Сон не шел, в голове шумело, тошнило, почему–то немела левая и рука и нога. Нет, холодно не было, от крышки топки грело хорошо, запах, правда… труба свернута взрывом и тяга не очень хорошая. Чтобы справиться с тошнотой, Кинт принял сидячее положение — так полегчало… из памяти всплыл момент, когда его везли на скрипучей провозке в степной корпус после стычки на посту. Да, ощущения схожие и очень знакомы, и в этот раз досталось посильней, но и Кинт уже не юноша, может, поэтому контузия переносится немного легче, правда, вот слышно плохо, и эта боль во всем теле, отдающаяся после любого движения. Постучал прикладом карабина по железной стенке, чтобы проверить слух — очень приглушенный звук. Наконец тошнить почти перестало и, положив на колени карабин, Кинт закрыл глаза, пытаясь вспомнить лицо этого инспектора, но бесполезно, какое–то «серое» лицо, не запоминающееся, а вот глаза, глаза он запомнил и узнает из сотни других глаз. А еще начала накатывать злость, аж до дрожи, до хруста в сжимаемых кулаках… злость на Волье, который, прежде чем позволить профессору пускать этого инспектора, должен был проверить его жетон, злость на себя самого. Ведь заподозрил что–то, почему не прислушался? Потому что расслабился и мозги заплыли жиром за время экспедиции… Так, коря и упрекая в случившемся себя в первую очередь, Кинт все же уснул, перед этим еще несколько раз открывая глаза и глядя через люк кочегарки на звезды в темном небе.
Проснулся Кинт от озноба, колотило так, что зуб на зуб не попадал.

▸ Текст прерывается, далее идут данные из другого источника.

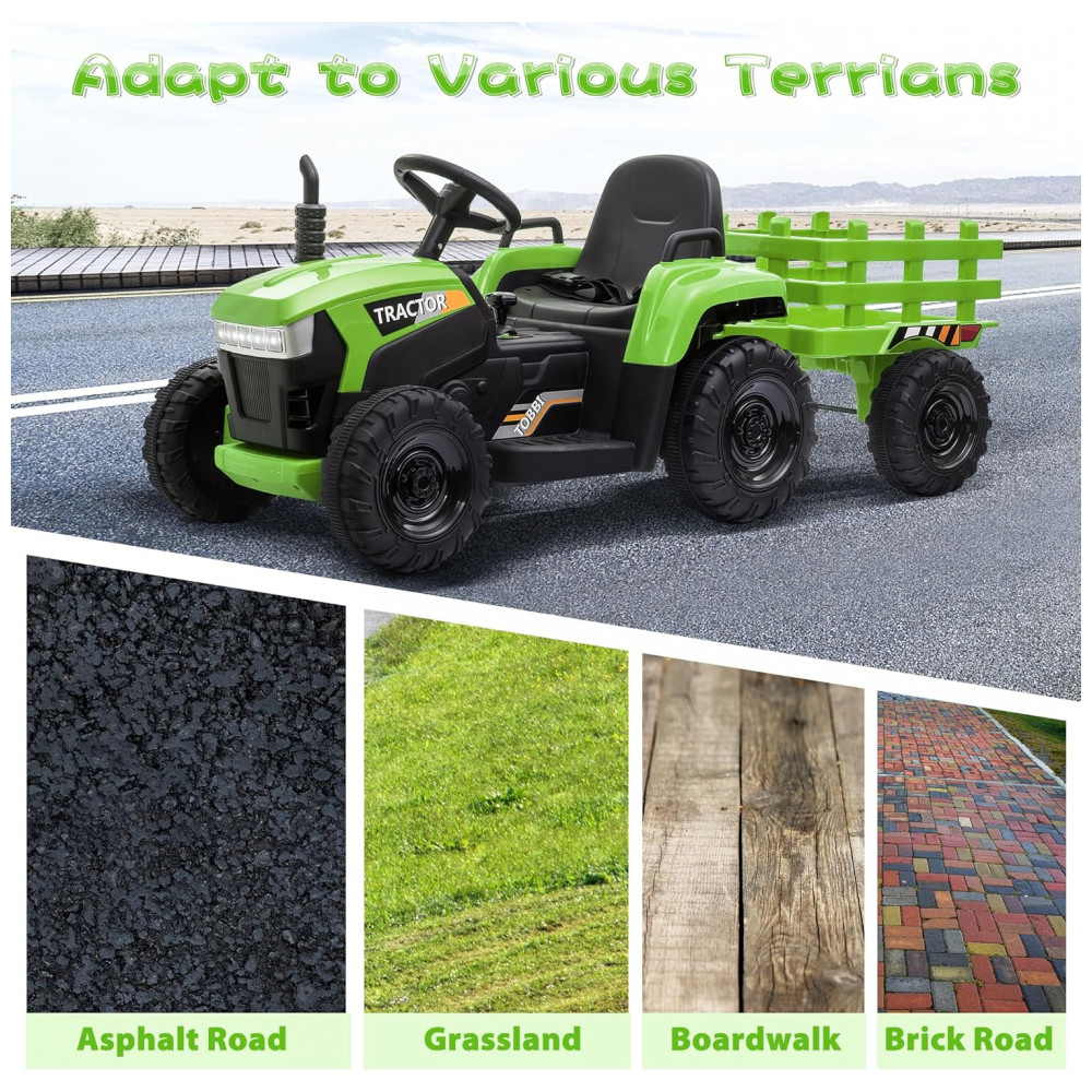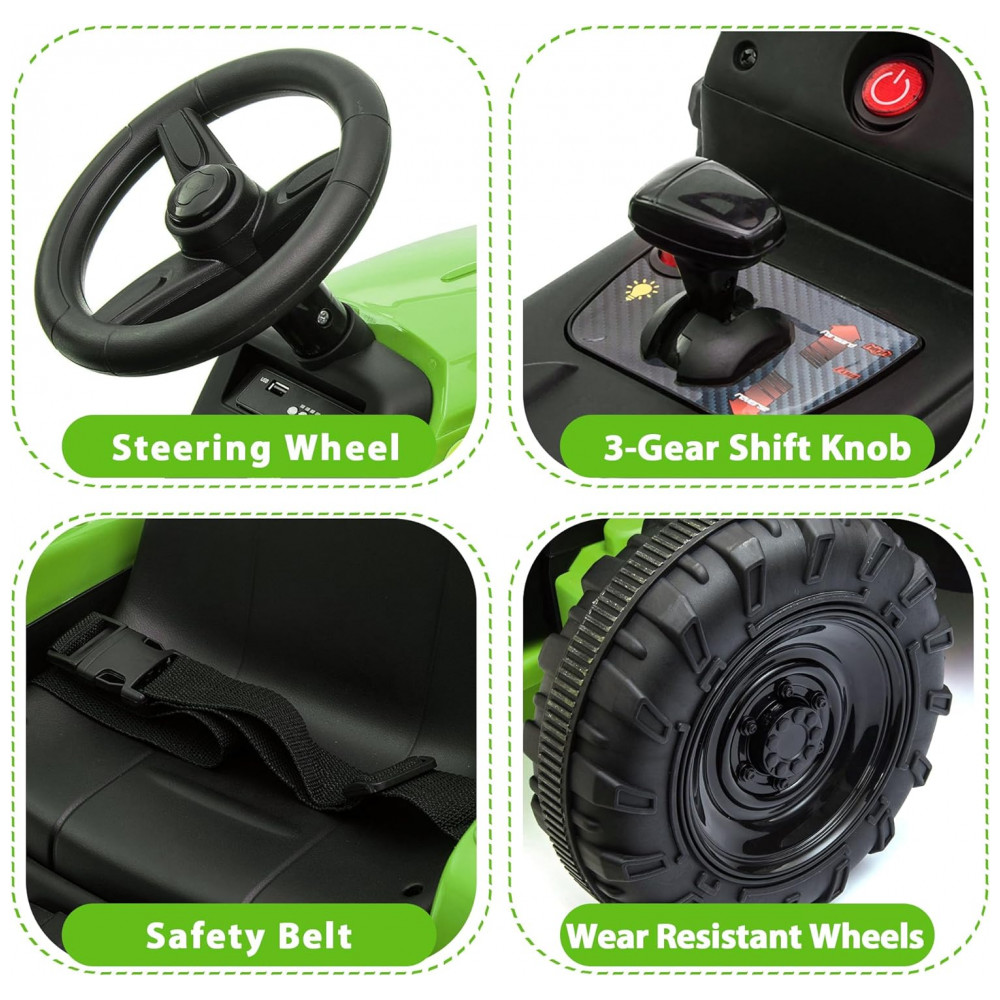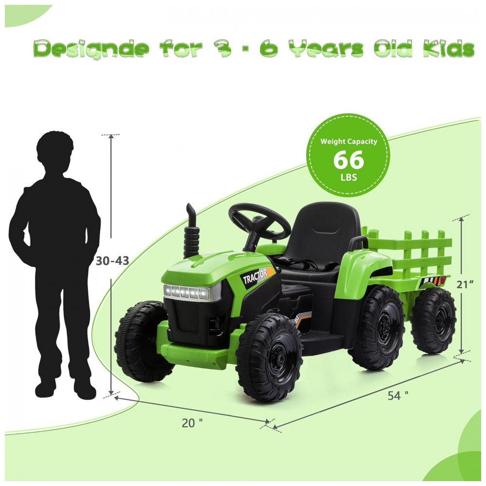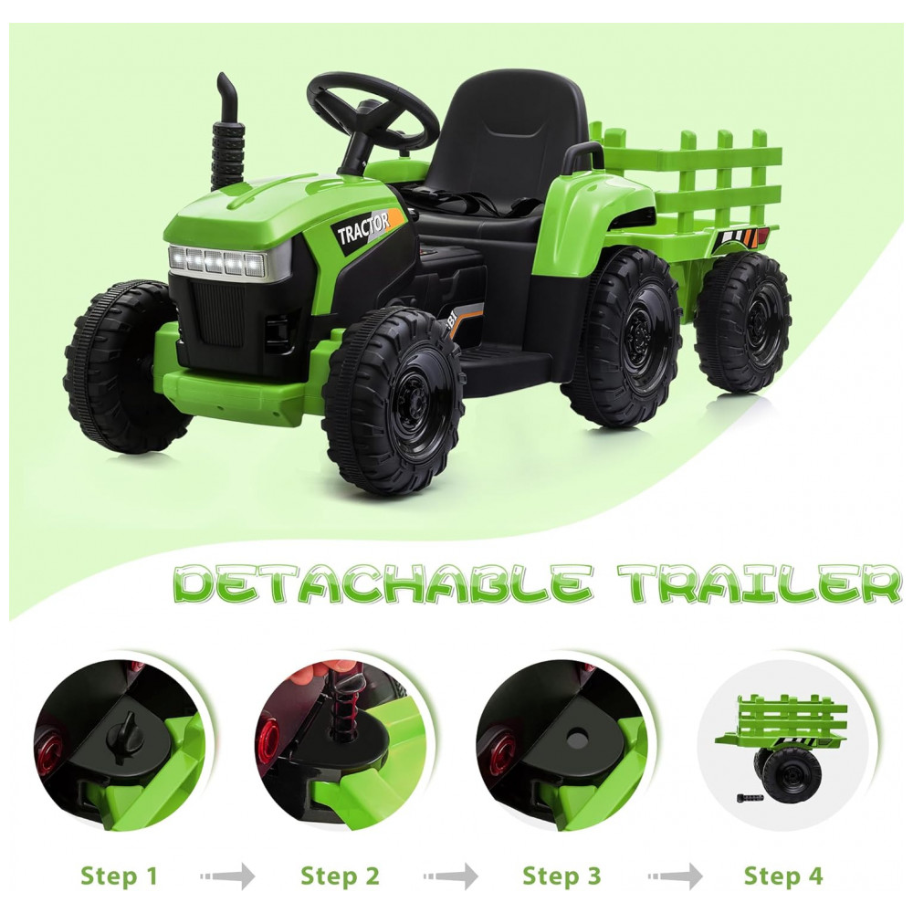 Trator Elétrico Infantil com Reboque e Motores Duplos de 35W á Bateria 12V 3 Marchas e Luzes LED TOBBI Verde

Топливо прогорело, собрав все куски раскрошившихся топливных брикетов, что еще оставались в развороченном взрывом железном ящике, закинул все в топку. Затем подгреб на себя тряпье и хотел, было, снова погрузиться в сон, но вдруг заметил мелькание света, который хорошо отражался от искрящегося наста. Плотней прижав дверцу топки, Кинт, сев на колени, прильнул к щели в покореженной обшивке кабины… Три собачьих упряжки остановились у взорванной машины, освещая все кругом дорожными фонарями, кочевники спрыгнули с саней, о чем–то поговорили, разожгли факелы и стали ходить кругами у машины, собирая все подряд и рассматривая. «Три… четыре… шесть… восемь» — посчитал Кинт про себя гостей, левой рукой попытался достать из–под мышки пистолет, но бросил эту затею — все еще онемевшая рука плохо слушалась и было непонятно, как крепко Кинт держит ей оружие. Хорошо, два револьвера справа в кобурах — двенадцать, плюс пистолет в правой же руке — еще восемь… расстояние такое, что почти рукой дотянуться можно… Кинт замер и почти не дышал.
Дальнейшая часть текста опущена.